Не менее мучительно воспринимал двойственность собственного положения интеллигент, находившийся в полной зависимости от государственной машины. Отчетливо видя, как далеко расходятся слово и дело, он был лишен возможности изменить положение. Если же решался на такую попытку, то вступал в конфликт с системой и обычно бывал ею раздавлен. На более высоком уровне размышления, и он, как рабочий, начинал отвергать официальную идеологию. Тоталитаризму государственно-политической системы он почти автоматически противопоставлял демократию, а лозунгам интернационализма – обращение к национальным истокам, призывы к возрождению национальной культуры.

В атмосфере повседневной лжи и неуважения к человеку, под воздействием окружавшей человека на каждом шагу политической демагогии деформировалось самосознание народа. Нравственное разложение общества сопровождалось загниванием и вырождением культуры, где естественное чувство национальной гордости постепенно вытеснялось грубой агрессивностью и надменным самодовольством. Национальное самосознание перерождалось, выделяя шовинизм, ксенофобию. В характере народа на первый план выступали отрицательные свойства – нетерпимость, высокомерие, нравственная слепота. Это были глубоко чуждые исторически сложившемуся русскому национальному характеру тенденции.

Постепенно формировался тип нации, наделенной крайне противоречивыми чертами. Неразвитость личности проявлялась в слабости связей, возникавших между людьми, в ослаблении чувства солидарности. В атомизированном обществе не существовало прочных социальных структур. При любом ограничении внешнего по отношению к нации государственно-политического контроля появлялась опасность дестабилизации всей государственной машины. Если национальные интересы есть хорошо понятые и сбалансированные интересы всех составляющих нацию общественных слоев и групп, то понятно, почему для этого типа нации характерна неразработанность национальных интересов, формируемых к тому же правящими кругами без учета мнений общества и легко пересматриваемых в зависимости от сдвигов конъюнктуры. Тяготеющие к обособлению региональные, местнические движения легко разрывали непрочные социальные, культурные, экономические связи внутри нации. Ее развитие замораживалось.

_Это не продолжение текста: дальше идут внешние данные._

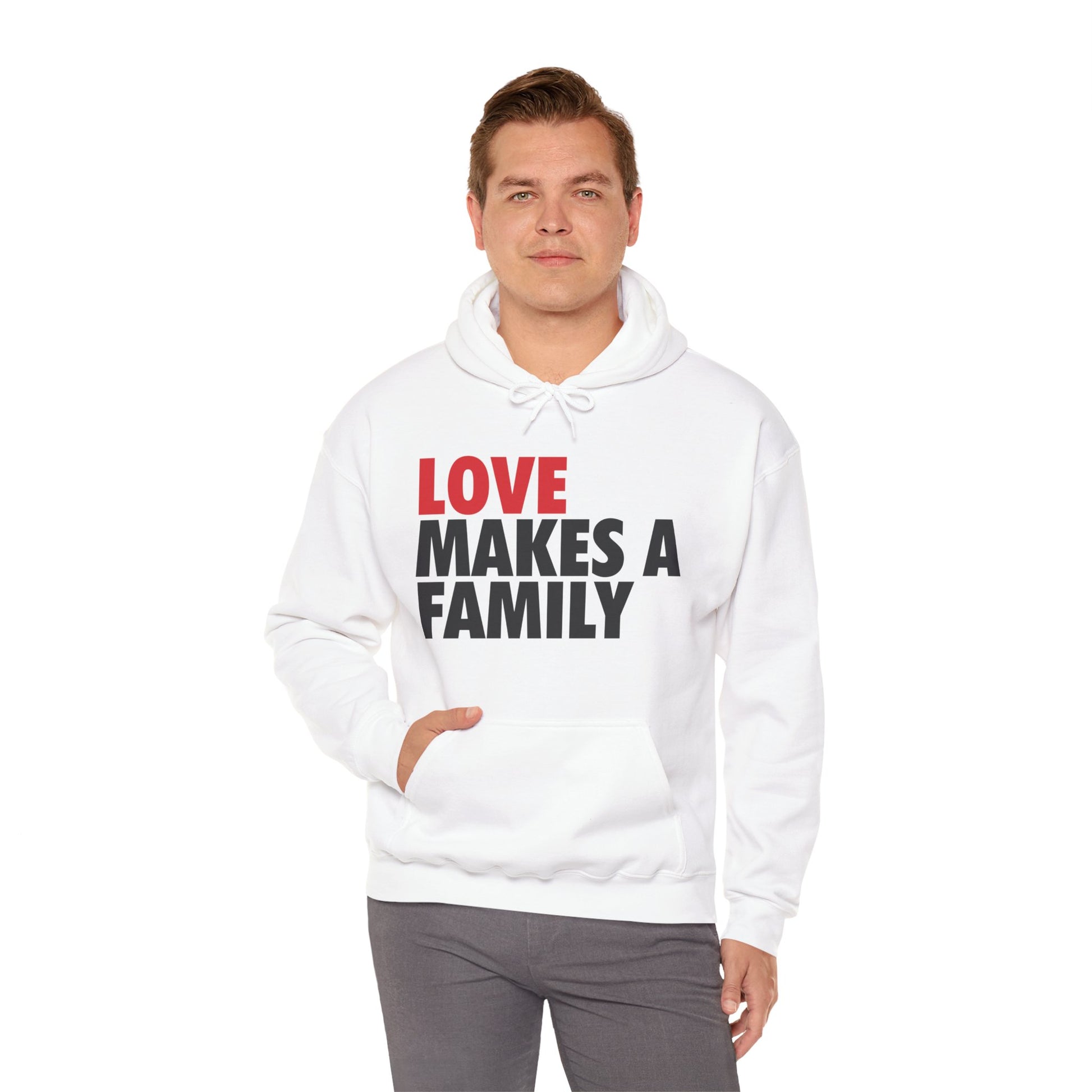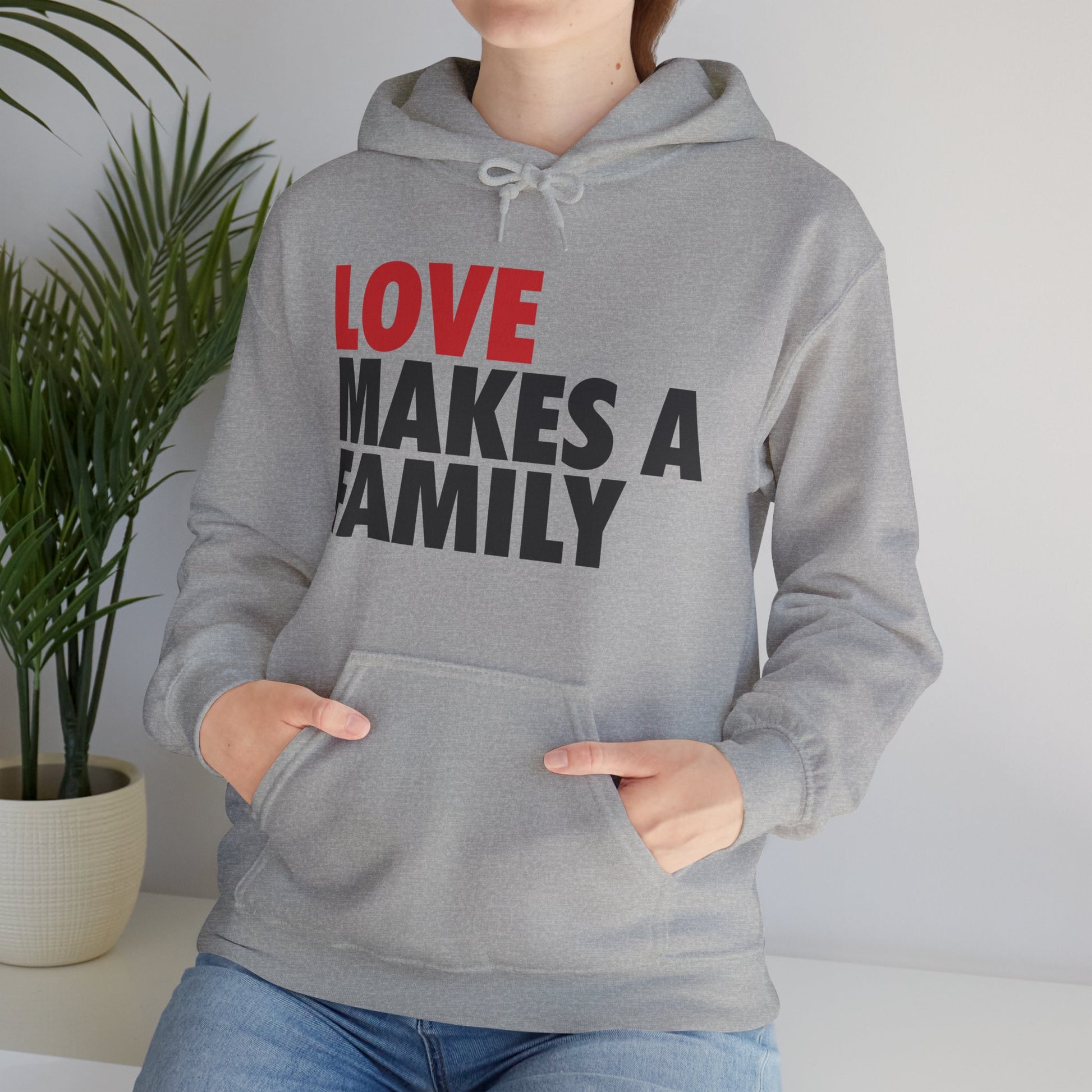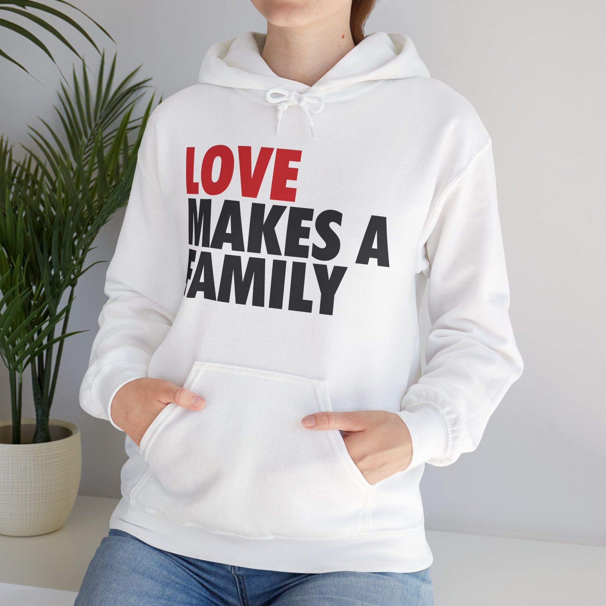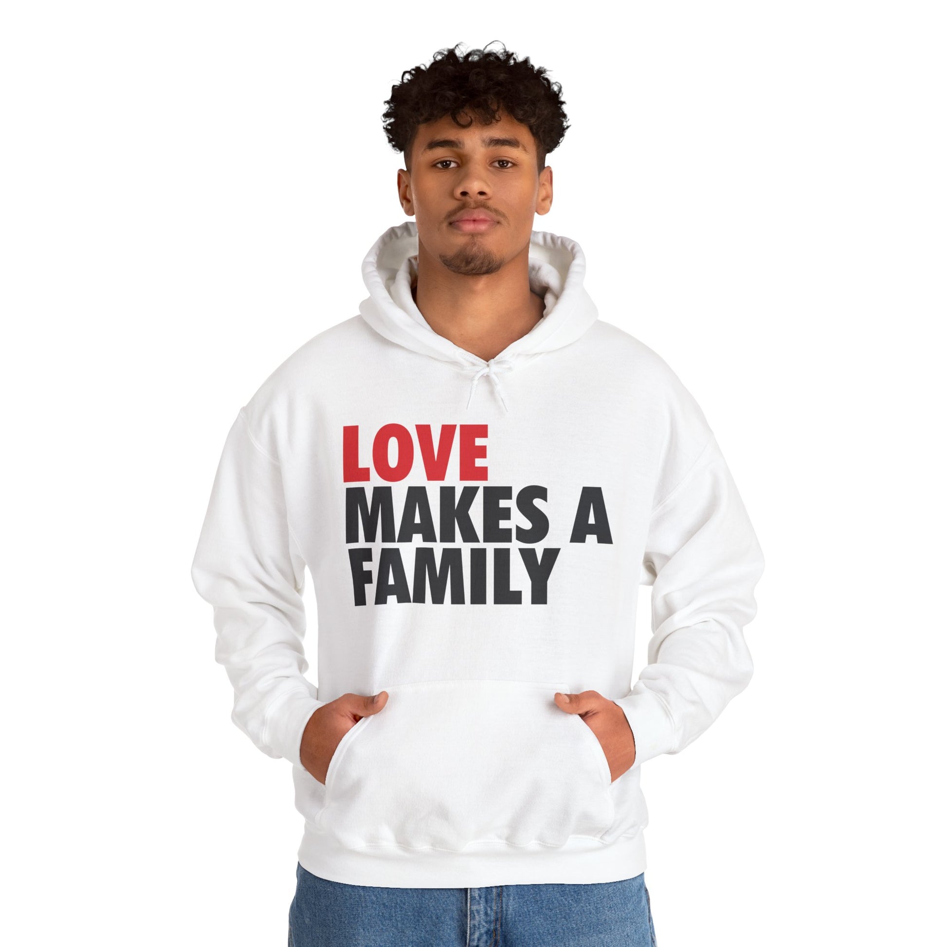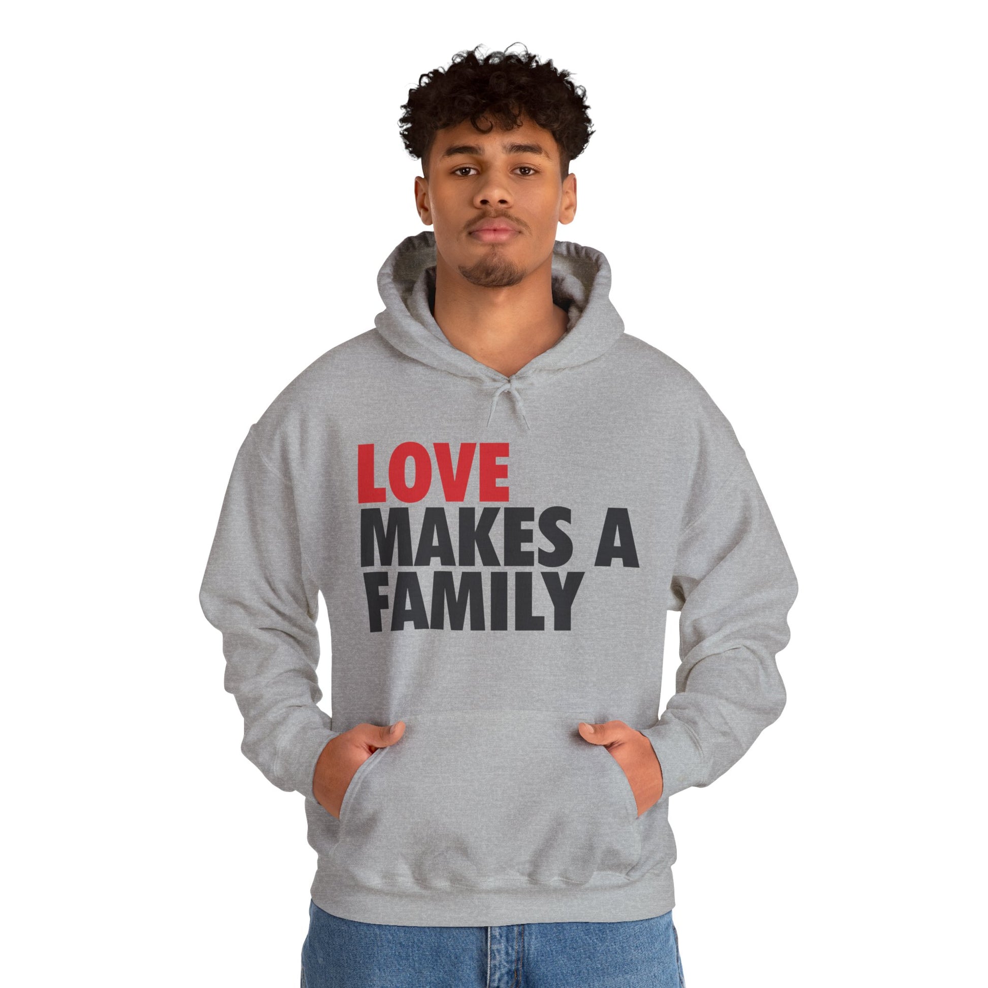 Love Makes a Family Hoodie Adult Unisex, Rainbow Families Hoodie, Unisex Rainbow Family Merch, LGBTQ+ Pride Apparel, Rainbow Families Australia hoodie, red and black logo

В странах третьего мира на процессы национального развития огромное деформирующее воздействие оказывает, в частности, закабаленность женщин. Иногда приходится слышать, что те сами не восстают против ущемления своих прав, смиряются с исторически сложившимся неравенством. Но это неверно, хотя влияние древних представлений о месте женщины в обществе и оказывает на нее сильнейшее влияние. К тому же в повседневной жизни существует разделение трудовых обязанностей, которое, закрепляя приниженное положение женщин, обеспечивает им, тем не менее, определенную роль в общественной и хозяйственной жизни, которой они дорожат. Что усложняет женскую судьбу, так это давление варварских пережиточных порядков, жертвой которых она становится, поскольку мужское превосходство в условиях этого варварства приобретает особенно бесчеловечные, жестокие и унизительные формы.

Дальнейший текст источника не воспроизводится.